2. anode material according to claim 1 is characterized in that wherein the value of x is 0.2～0.4.

3. anode material according to claim 1 is characterized in that wherein the value of y is 0.2～0.

4. anode material according to claim 1 is characterized in that wherein the value of 1-x-y is 0.6～0.8.

5. anode material according to claim 1 is characterized in that wherein the value of a is 0.95～1.05.

6. anode material according to claim 1 is characterized in that wherein the value of z is 0.3～0.6.

7. anode material according to claim 1 is characterized in that wherein the value of 1-z-w is 0.6～0.4.

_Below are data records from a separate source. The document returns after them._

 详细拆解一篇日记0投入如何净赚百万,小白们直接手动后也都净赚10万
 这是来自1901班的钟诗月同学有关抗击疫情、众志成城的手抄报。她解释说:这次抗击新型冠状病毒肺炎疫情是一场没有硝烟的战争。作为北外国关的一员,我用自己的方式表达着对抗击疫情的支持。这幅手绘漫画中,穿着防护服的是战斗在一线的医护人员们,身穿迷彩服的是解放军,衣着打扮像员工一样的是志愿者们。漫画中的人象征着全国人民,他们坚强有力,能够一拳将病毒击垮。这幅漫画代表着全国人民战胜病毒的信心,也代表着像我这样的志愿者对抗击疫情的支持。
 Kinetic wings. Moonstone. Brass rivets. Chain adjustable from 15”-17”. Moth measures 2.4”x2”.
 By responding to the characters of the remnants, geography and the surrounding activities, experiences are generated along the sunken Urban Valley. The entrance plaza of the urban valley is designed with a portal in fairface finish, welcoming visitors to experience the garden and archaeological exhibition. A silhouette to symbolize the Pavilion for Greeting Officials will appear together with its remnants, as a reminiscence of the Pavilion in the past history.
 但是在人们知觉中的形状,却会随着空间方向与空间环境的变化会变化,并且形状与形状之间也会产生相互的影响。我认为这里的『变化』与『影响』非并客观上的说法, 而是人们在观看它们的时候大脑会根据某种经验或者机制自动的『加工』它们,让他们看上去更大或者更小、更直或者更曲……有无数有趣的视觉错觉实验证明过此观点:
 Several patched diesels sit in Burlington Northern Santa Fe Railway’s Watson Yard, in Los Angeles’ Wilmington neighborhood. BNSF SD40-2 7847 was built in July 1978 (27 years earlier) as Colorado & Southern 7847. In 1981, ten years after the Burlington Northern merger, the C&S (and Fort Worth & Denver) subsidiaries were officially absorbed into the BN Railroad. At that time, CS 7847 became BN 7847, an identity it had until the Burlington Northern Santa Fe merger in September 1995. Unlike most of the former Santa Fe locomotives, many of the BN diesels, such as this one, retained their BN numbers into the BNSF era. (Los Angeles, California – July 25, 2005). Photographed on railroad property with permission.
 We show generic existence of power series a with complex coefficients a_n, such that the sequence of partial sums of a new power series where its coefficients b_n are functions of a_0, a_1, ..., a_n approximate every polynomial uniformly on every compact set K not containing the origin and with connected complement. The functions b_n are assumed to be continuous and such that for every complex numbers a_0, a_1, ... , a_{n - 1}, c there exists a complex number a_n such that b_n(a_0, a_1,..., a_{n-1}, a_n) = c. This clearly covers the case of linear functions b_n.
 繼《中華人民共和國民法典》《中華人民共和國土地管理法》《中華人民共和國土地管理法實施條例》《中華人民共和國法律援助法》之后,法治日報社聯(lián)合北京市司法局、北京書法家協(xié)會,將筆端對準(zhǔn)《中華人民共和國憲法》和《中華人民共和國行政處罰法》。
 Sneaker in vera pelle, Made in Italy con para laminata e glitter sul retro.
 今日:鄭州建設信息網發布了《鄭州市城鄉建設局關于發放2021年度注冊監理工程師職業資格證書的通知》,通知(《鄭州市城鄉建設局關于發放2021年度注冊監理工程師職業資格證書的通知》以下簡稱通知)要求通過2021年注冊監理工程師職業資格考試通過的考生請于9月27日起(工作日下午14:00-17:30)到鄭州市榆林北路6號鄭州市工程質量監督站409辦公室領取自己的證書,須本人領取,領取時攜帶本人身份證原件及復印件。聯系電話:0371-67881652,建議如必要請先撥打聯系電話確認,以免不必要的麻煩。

8. anode material according to claim 1 is characterized in that B and B ' are respectively Al and Mn in the general formula I.

9. anode material according to claim 1 is characterized in that B and B ' are respectively Ga and Mn in the general formula I.

10. anode material that is used for Solid Oxide Fuel Cell, described anode material comprise that material and electrolyte with the general formula I defined in the claim 1 as described above comprise yttria-stabilized zirconia, scandium oxide-stabilizing zirconia, gadolinium oxide doped cerium oxide, samarium oxide doped cerium oxide, lanthanum strontium gallium magnesium or the electrolytical mixture of proton conductor.